Custom Tasks are part of the Custom Models backup. They require no extra actions on their own. Backup only affects deployments with a Custom Task. All other actions (training, scoring, insights, etc.) use ephemeral LRSs that are created and destroyed as needed.

カスタムモデル

Backup procedure for Custom Model LRSes might be useful during app upgrades or cluster migrations. There are two possible ways for backing up Custom Models: dumping LRS YAML files directly from the k8s cluster, or deactivating/reactivating custom models from the UI.

Dumping YAML LRS definitions

Saving YAML files could be particularly useful when some operations are performed on the k8s cluster (like upgrading k8s version or migrating to a different CNI plugin, etc.). The benefit of this approach is that the access to the DataRobot App is not needed, k8s access is sufficient. The downside is that it only stores the low-level definition of Custom Model workload from the cluster - changes from the upstream sources won't be taken into the account.

The following shell script can be used to get a dump of all Custom Model LRSes:

#!/bin/bash

OUTPUT_DIR="lrs_backup_$(date "+%Y_%m_%d_%H_%M")"
mkdir -p "$OUTPUT_DIR"

for name in $(kubectl get lrs -A -l datarobot-lrs-type=deployment -o jsonpath='{.items[*].metadata.name}'); do
  kubectl get lrs "$name" -n "$DR_CORE_NAMESPACE" -o yaml > "$OUTPUT_DIR/${name}.yaml"
done

echo "Backup completed. Files saved in $OUTPUT_DIR/" 

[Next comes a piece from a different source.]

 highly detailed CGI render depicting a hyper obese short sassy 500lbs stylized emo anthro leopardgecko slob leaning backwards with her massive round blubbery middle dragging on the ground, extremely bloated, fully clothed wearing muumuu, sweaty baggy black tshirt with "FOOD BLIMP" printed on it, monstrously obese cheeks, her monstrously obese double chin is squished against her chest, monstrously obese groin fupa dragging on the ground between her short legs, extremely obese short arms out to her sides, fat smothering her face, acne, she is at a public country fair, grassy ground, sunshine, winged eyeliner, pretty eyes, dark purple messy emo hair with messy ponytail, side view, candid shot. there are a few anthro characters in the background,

This script creates a dump of all existing LRSes on the k8s cluster (both running and failed) which you can use later to restore if something goes wrong. It populates a separate YAML file per each LRS so you can easily restore any particular LRS. Files are placed into a newly created folder (lrs_backup_yyyy_mm_dd_HH_MM).

備考

To use this script you need to have configured kubectl in your shell session. Also, you need to specify DR_CORE_NAMESPACE which is the namespace where DataRobot is installed.

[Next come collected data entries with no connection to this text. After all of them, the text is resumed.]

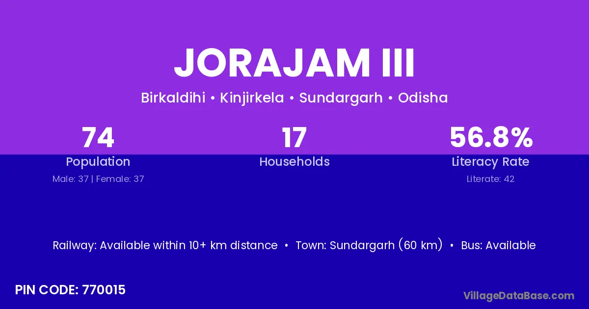 Sundargarh (60 km) is the nearest town to Jorajam Iii village for major economic activities and is located approximately 60 km away.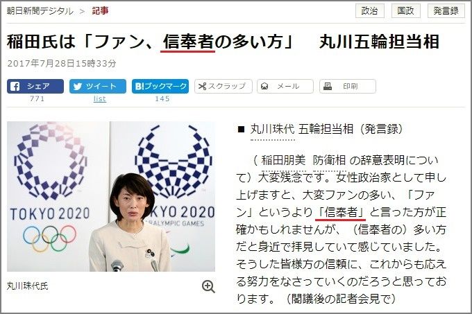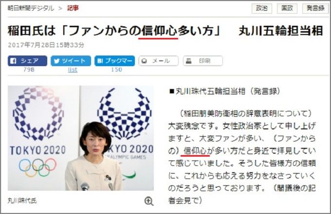 朝日新聞は、稲田大臣辞任に関する丸川大臣の発言として「大変残念です。女性政治家として申し上げますと、大変ファンが多い、(ファンからの)信仰心が多い方だと身近で拝見していて感じていました。」と報じたが、実際には「信仰心が多い方」とは発言しておらず「ファンと言うより信奉者」と、女性閣僚に対するファンと言う言葉が適切ではないという意味で信奉者と言い換えている。そもそも「信仰心」などと聞き間違えるような、宗教めいた話の流れでは無かった。おそらく神道にネガティブな印象を持つ記者が、稲田支持者を神道と結び付ける印象操作をしたものと思われる。
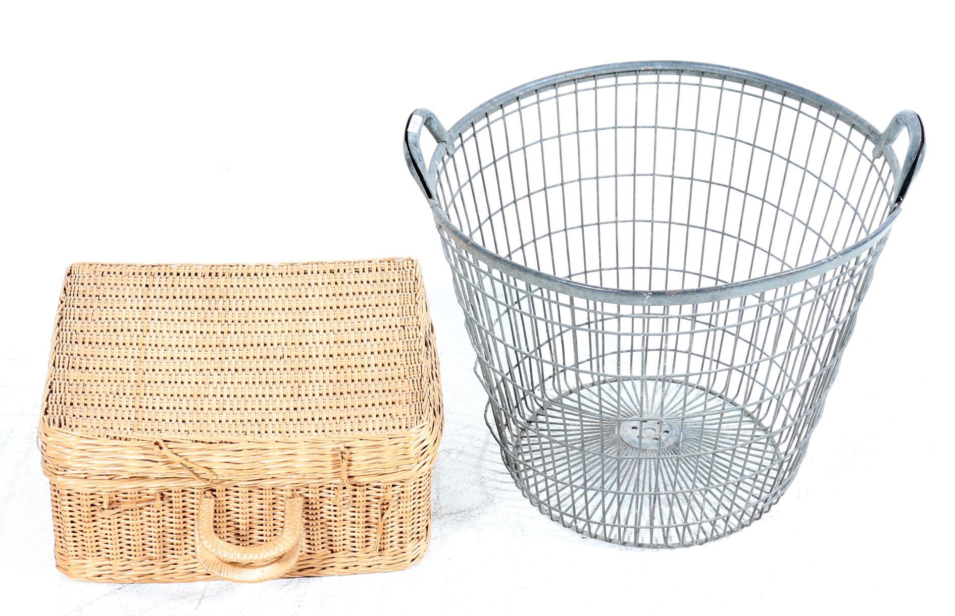 Oude metalen mand en rieten koffer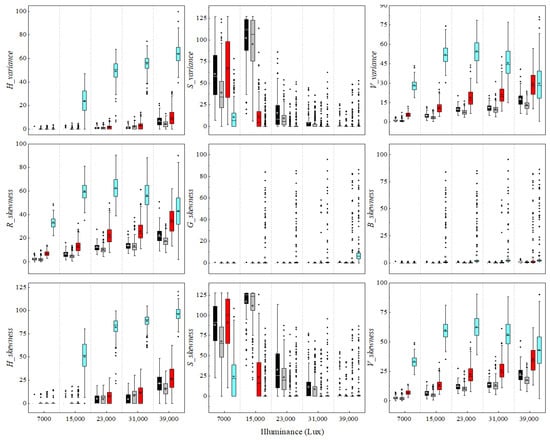 The statistics of texture features for four types of coal gangue under different light sources and illumination intensities (white light source) are presented in Figure 5 and Figure 6, respectively.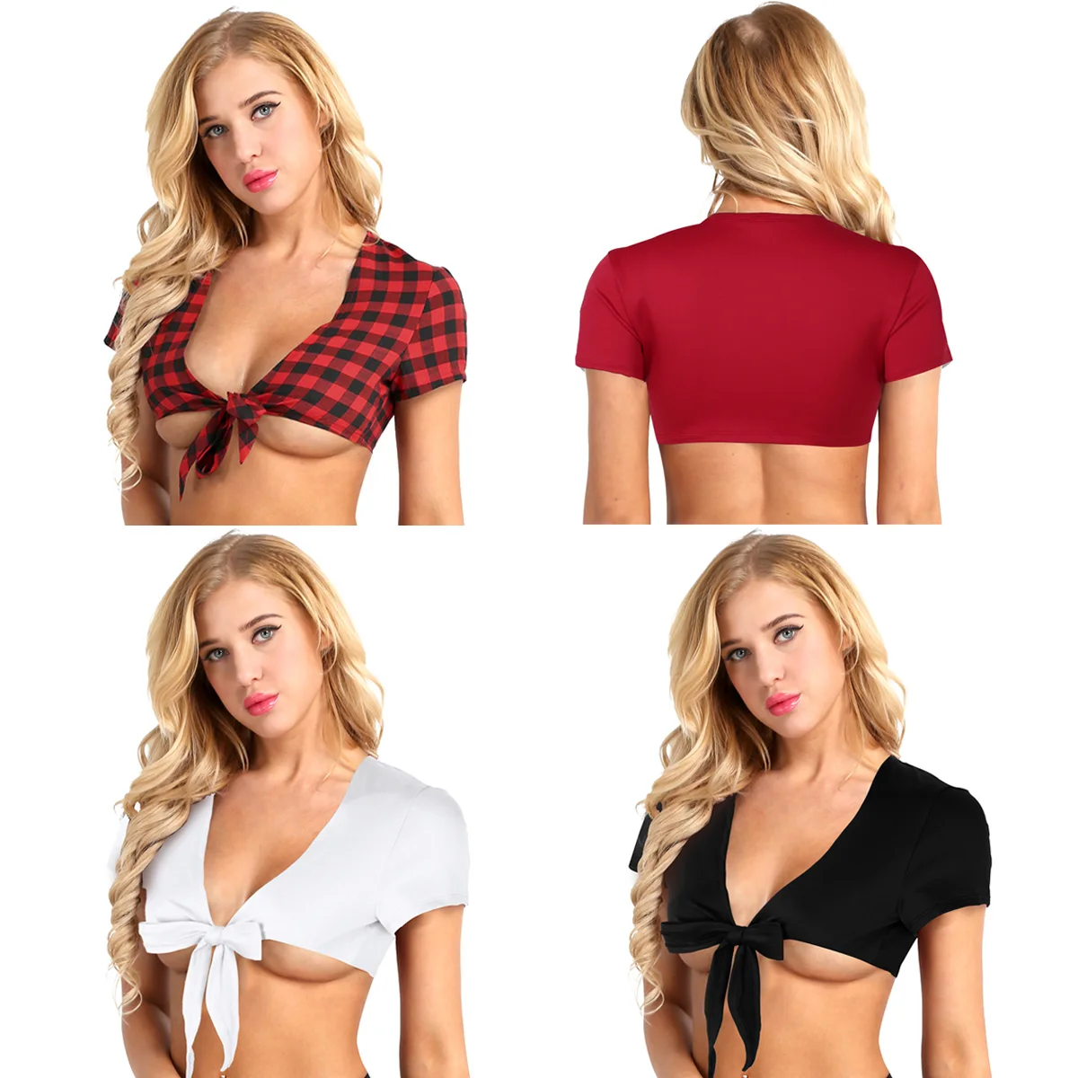 Женский короткий кардиган с глубоким V-образным вырезом и завязкой спереди, укороченный топ, пикантная рубашка, пикантные костюмы, ночная Клубная одежда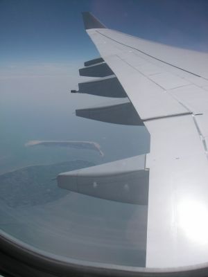 Irgendwie war ich mich nicht sicher, ich hätte Sylt näher dran erwartet (müsste rechts unter der Tragfläche sein)
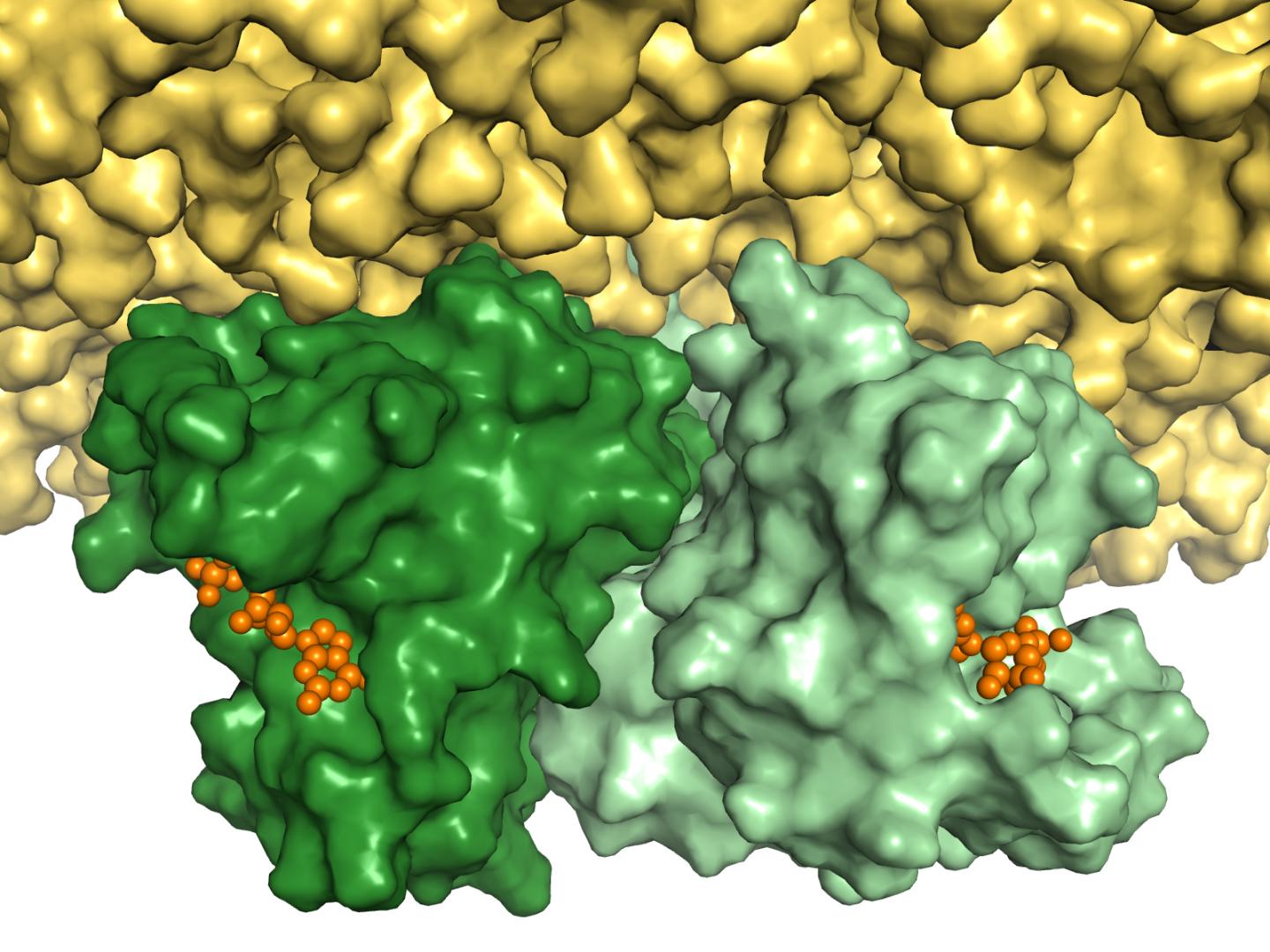image: The Ras Protein (green) forms a dimer at the cell membrane.

Deactivating/reactivating Custom Models from the UI

Another way is deactivating/reactivating Custom Models. It's a more convenient way because it uses the DataRobot API to stop Custom Models which includes all business rules and code needed for that. This is safer than just dumping LRS YAML definitions. Although, this creates downtime for your deployments but we assume it's expected since cluster migration/app upgrade is happening already.

Model Deployments can be deactivated manually through the UI. This is a more controlled way. If there are a lot of deployments and deactivating them all feels cumbersome, the following script can be used:

kubectl -n $DR_CORE_NAMESPACE exec deploy/mmapp-app -it -- /entrypoint python3 tools/custom_model/deployments_tool.py --api-url <DATAROBOT_URL> --api-token <DATAROBOT_API_TOKEN> --action deactivate 

各パラメーターについて説明します。

  • DR_CORE_NAMESPACE - the namespace where DataRobot is installed
  • DATAROBOT_URL - the DataRobot application endpoint (e.g., https://app.datarobot.com)
  • DATAROBOT_API_TOKEN - an API token for the user with the MLOps admin role and access to all target deployments. The token can be retrieved in the API keys and tools section in Settings on the UI.

This script will:

  • Take all deployments visible to the owner of the API TOKEN (please ensure that the user has MLOps admin role & access to all target deployments)
  • Send a deactivation request per each deployment
  • By default it won't wait for deactivation process to finish but it can be visible on the UI (Deployments section in the Console tab)

Downsides

  • To use it, you should have a user with MLOps admin access to all deployments in the environment
  • Custom metrics and monitoring jobs that are scheduled on the deployments will fail during downtime. Although, they will catch up after deployment reactivation
  • Service stats will be cleared after a deployment deactivation (they will be recalculated during reactivation)

備考

The tool is available in 11.1.1. If you use earlier versions of DataRobot and want to use the script, contact support to get the script.